>>Do you think that the pink color is acutally pigment or blood in the capillary beds of the skin showing through? If it is pigment would that suggest the anery parent may be a hypoerythristic instead?
Vinny,
Yeah, it's pigment and we concluded some time ago on this basis and others (you can see some pale yellow/orange/violet tint in most "anerys"
that what we call "anerythristic" hondos are really hypoerythristic. A number of us tried using that term so the nomenclature could adapt to reality. History shows the effort failed!
FROM "Banded Beauties, Honduran Milksnake Mutations," Reptiles Magazine, Sept 2002, by Terry Dunham:
"NOTE: Louis Porras rightly points out that these snakes hsould be called 'hypoerythristic' because the red is reduced, not absent. A true anerythristic would be white and black. Most anerythristic Hondurans have a faint, but clearly visible, violet, pink, yellow or orange hue where the red or orange rings would be on a wild type honduran. It's unlikely that Porras' precision will displace a decade of common usage, but for the sake of accuracy i'll use that term for the balance of this article. After all, a true, stark black and white anerythristic could be the next morph in the Honduran's future."

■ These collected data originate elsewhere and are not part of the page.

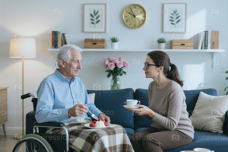Мужчина с инвалидностью, получающий поддержку по уходу на дому от старшей женщины
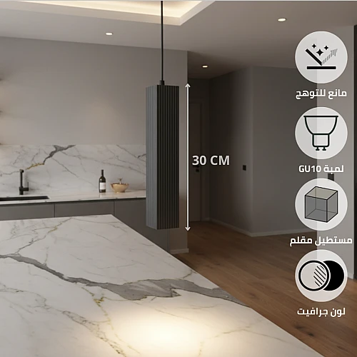 مصباح علاقي سلندر مكعب مستطيل مقلم مودرن جرافيت (مقاس 30 سم) – قاعدة GU10
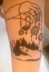 女生手臂上黑灰素描点刺技巧创意文艺星球纹身图片
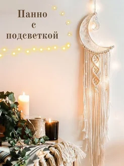 Панно макраме Луна, Ловец снов с гирляндой бохо

the heading on that section of the article even read:
"Hypoerythristics
(anerythristics)"
by the way, i obtained this year what's presumably only the third wild-caught hypoerythristic honduran to enter the U.S. The first died in Seattle in the early 1980s before breeding (actually, it was apparently constricted by cage mates who detected the scent of rodents on it after it was fed and returned to a cage with other hondos). The second was acquired by David Doherty in 1988 and is the maternal link to all today's "anerys"--David first bred his in 1989 and those hets produced the first captive born hypoerythristic in 1991. The one i just got is a female that should breed next year, providing a new lineage for the color variety.